The fuzzy-matching library provides an OmniMark module omfuzzy.xmd
with the pattern function fuzzy
:
export switch function fuzzy read-only integer goals distance write-only integer best-distance deletion value integer deletion-distance optional insertion value integer insertion-distance optional replacement value integer replacement-distance optional transposition value integer transposition-distance optional
The function succeeds only if the input prefix approximately matches any of the keys in goals. Each integer
value of the goals shelf items determines the allowed Damerau–Levenshtein distance between its key and the input.
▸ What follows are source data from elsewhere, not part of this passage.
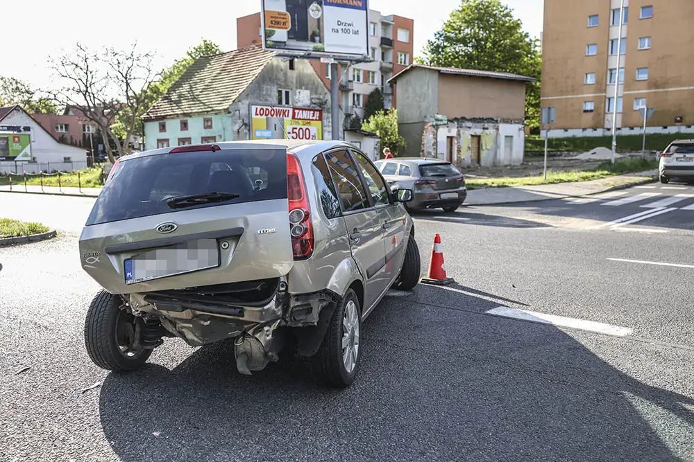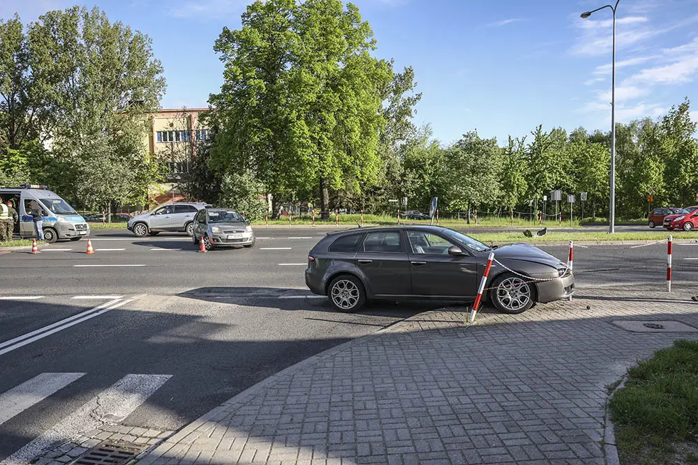 Kierujący fordem wyjeżdżał z zatoki autobusowej. Wtedy miał wjechać pod alfę romeo. Doszło do silnego zderzenia. Ford został uderzony w tył. Alfa romeo po zderzeniu z fordem wypadł z drogi uderzając w słupki na chodniku.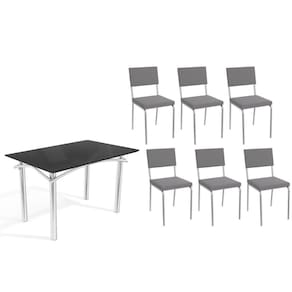 Sala de Jantar Completa Elba Tampo Madeirado c/ Vidro 120cm e 6 Cadeiras Zaria Cromada/Preto - Suede Cinza - Kappesberg Abaixo segue os produtos do KIT: Sala de Jantar Completa Elba Tampo Madeirado c/ Vidro 120cm e 6 Cadeiras Zaria Cromada/Preto - Suede Cinza - Kappesberg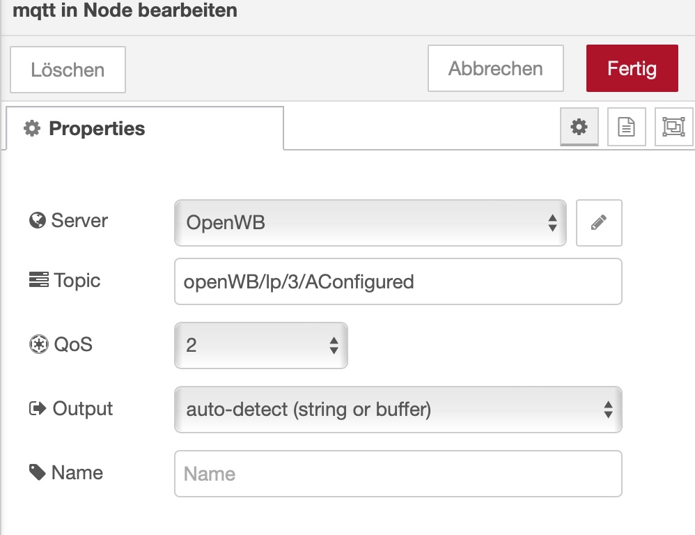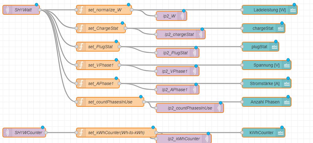 Die relativ einfache Lösung in NR war, die SH2.0 Status in diesen Ladepunkt zu via MQTT zu spiegeln.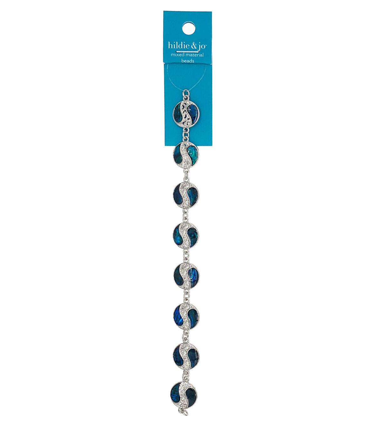 Design a customized jewelry piece for your best friend using the hildie & jo Swirl Shell & Metal Strung Beads - Blue & Silver. Strung on this 7-inch strand are round mixed material beads made of metal and shell. They are accented with a scroll design for enhanced visual appeal. You can use them individually or pair them with charms and pendants to create jewelry pieces that will stand out.

Damerau–Levenshtein distance equals the minimum number of character deletions, insertions, replacements, and transpositions required to transform the target string into the input. The cost of each of the four transformations, if allowed, must be explicitly specified using the appropriate argument.
The matching algorithm the library uses is quite naive and unoptimized. It is, however, fully streaming. The library is not restricted by line boundaries or any other record boundaries.
The provided test program demonstrates the use of the function. It can operate in two modes: line-based matching and word-based matching. The latter is default. The program can take an arbitrary number of arguments. Every numeric argument is considered to specify the allowed distance to the following argument. The argument pair becomes one of the goals. All other command-line arguments are treated as input file names.